(Records to process Opens)
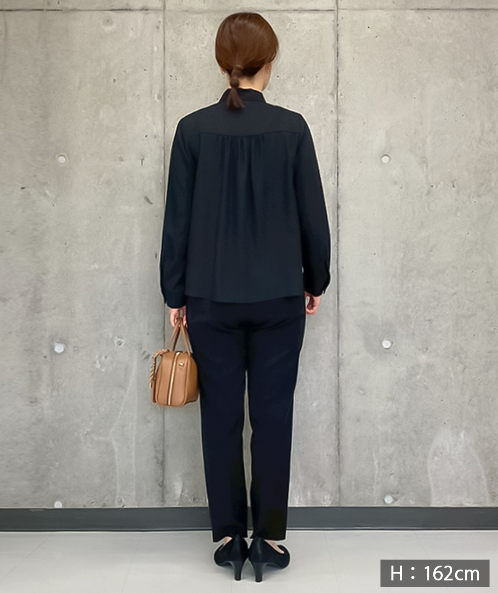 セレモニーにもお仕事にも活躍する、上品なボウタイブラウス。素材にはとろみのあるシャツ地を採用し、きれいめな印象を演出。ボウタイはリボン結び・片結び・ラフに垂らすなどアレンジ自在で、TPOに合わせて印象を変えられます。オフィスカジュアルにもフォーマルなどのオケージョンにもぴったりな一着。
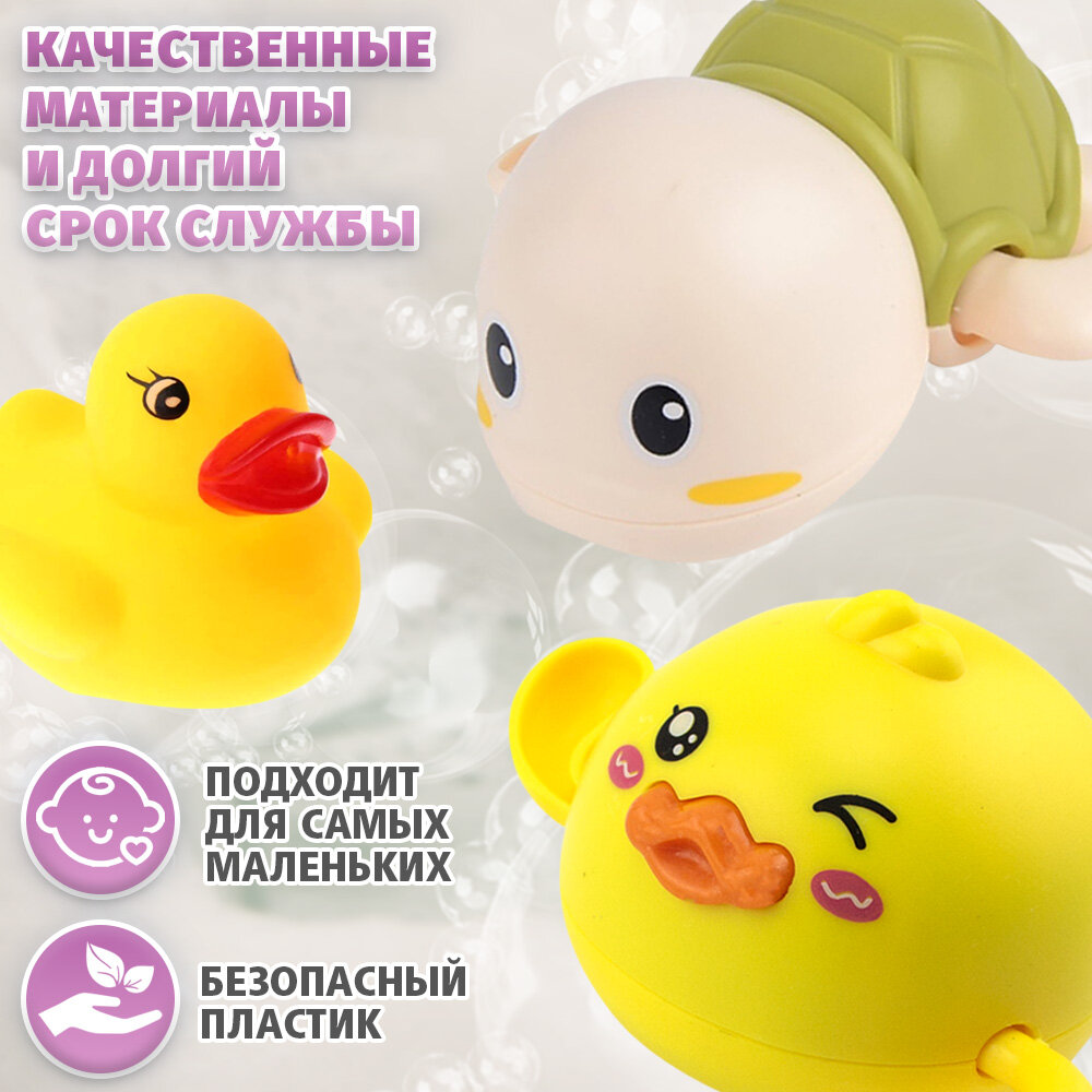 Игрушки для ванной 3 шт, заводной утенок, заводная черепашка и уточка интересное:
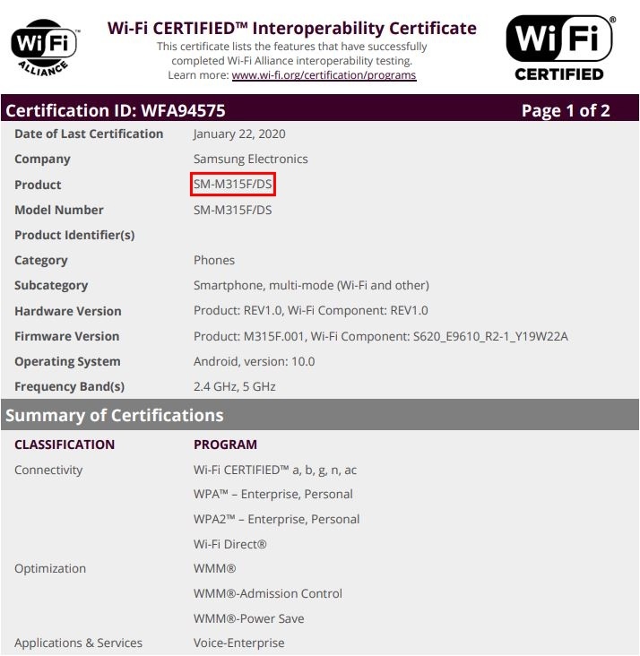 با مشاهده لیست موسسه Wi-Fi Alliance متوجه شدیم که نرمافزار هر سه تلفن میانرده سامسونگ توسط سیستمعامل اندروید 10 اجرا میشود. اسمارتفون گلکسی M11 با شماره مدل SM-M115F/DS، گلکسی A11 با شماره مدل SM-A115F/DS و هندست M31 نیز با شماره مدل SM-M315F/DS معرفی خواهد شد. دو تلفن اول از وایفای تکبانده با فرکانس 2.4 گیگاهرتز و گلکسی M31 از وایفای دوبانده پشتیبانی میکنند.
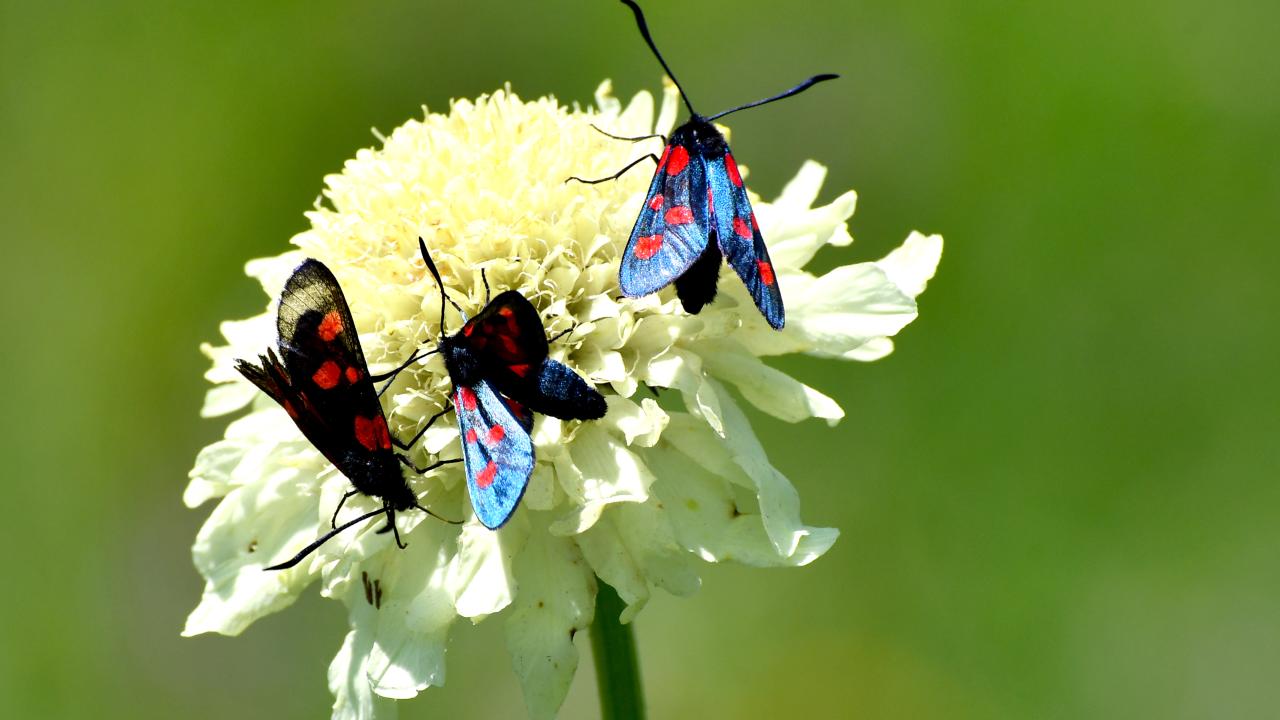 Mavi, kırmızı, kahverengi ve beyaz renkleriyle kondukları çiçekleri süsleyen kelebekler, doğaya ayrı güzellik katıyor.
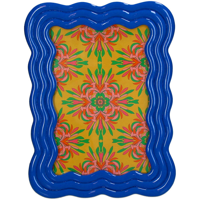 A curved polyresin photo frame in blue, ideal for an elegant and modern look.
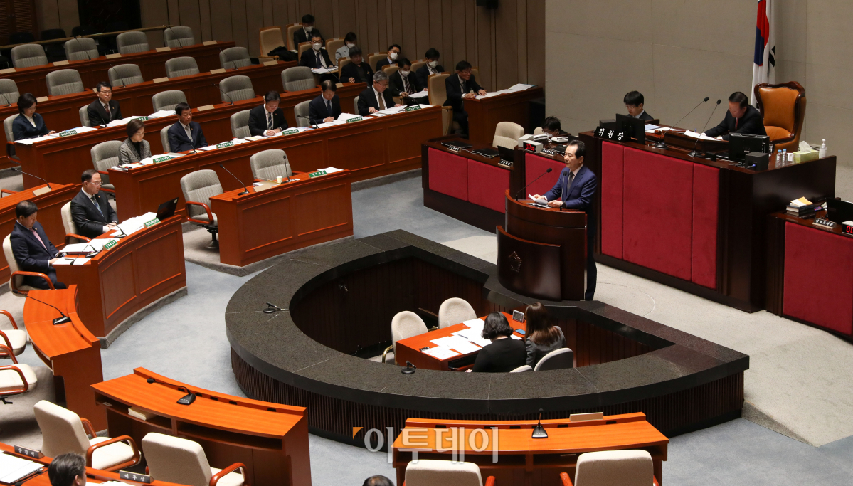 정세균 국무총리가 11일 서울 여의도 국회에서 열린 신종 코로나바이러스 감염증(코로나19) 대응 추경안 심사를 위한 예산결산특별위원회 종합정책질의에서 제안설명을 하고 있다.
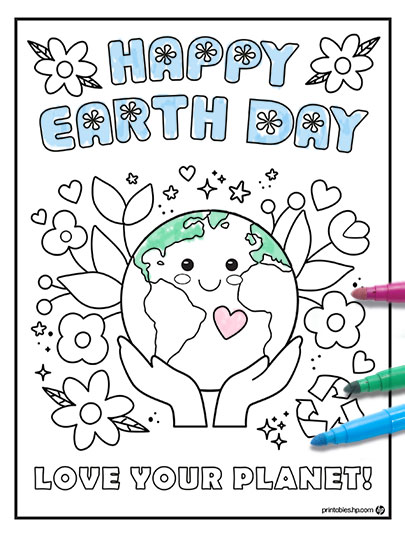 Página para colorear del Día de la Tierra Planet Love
(Records to process Closes)
(Records to process Opens)
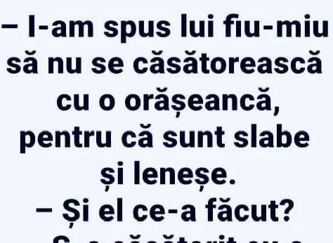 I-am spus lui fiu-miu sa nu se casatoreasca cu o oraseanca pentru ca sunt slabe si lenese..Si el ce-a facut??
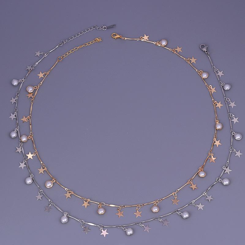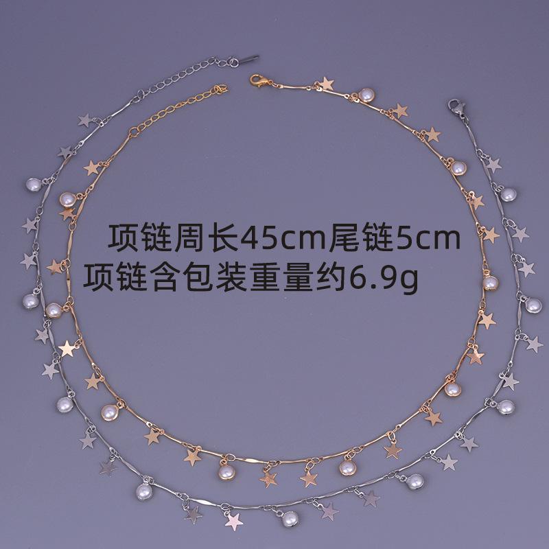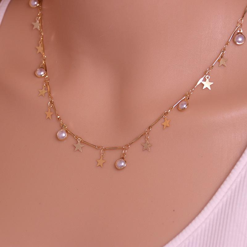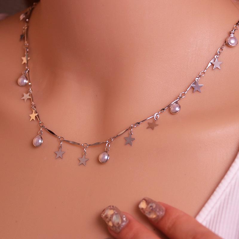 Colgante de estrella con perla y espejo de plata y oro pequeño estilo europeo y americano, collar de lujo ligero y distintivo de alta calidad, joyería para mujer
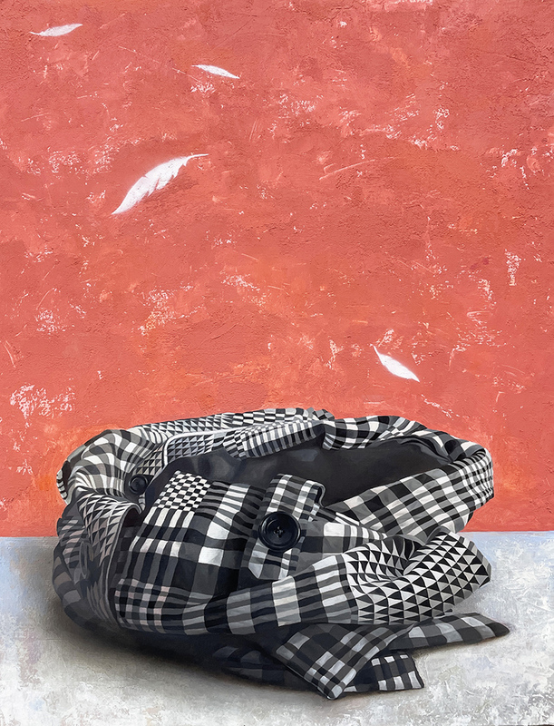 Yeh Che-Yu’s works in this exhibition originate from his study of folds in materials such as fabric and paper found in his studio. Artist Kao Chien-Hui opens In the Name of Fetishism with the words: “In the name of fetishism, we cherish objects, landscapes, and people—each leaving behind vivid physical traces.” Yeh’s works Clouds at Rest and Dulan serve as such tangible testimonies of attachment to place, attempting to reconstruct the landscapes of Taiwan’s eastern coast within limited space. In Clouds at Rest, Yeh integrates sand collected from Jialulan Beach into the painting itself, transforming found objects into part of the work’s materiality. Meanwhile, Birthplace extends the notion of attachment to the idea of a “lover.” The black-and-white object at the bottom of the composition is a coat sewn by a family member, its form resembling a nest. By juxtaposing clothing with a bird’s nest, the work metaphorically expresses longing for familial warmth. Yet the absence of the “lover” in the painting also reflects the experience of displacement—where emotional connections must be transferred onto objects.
(Records to process Closes)
(Records to process Opens)
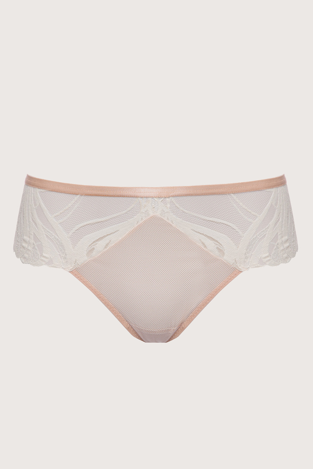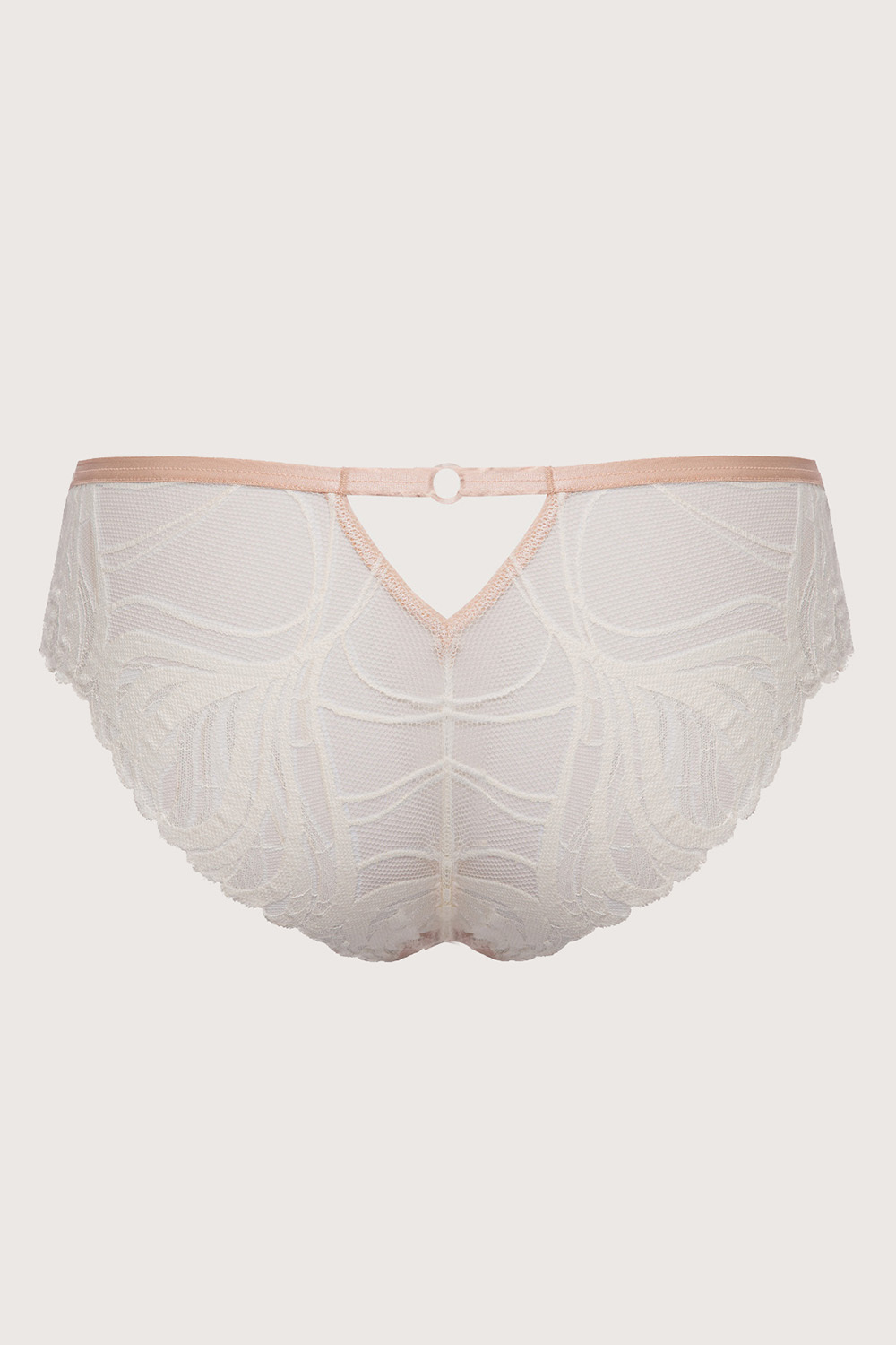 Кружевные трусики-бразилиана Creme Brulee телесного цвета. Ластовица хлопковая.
(Records to process Closes)
Pictures are to be left out. Write out only the lines above starting at the one with "A curved polyresin" and ending at the one with "Página para colorear", both lines included, exactly.

__Exercise answer__
 A curved polyresin photo frame in blue, ideal for an elegant and modern look.
 정세균 국무총리가 11일 서울 여의도 국회에서 열린 신종 코로나바이러스 감염증(코로나19) 대응 추경안 심사를 위한 예산결산특별위원회 종합정책질의에서 제안설명을 하고 있다.
 Página para colorear del Día de la Tierra Planet Love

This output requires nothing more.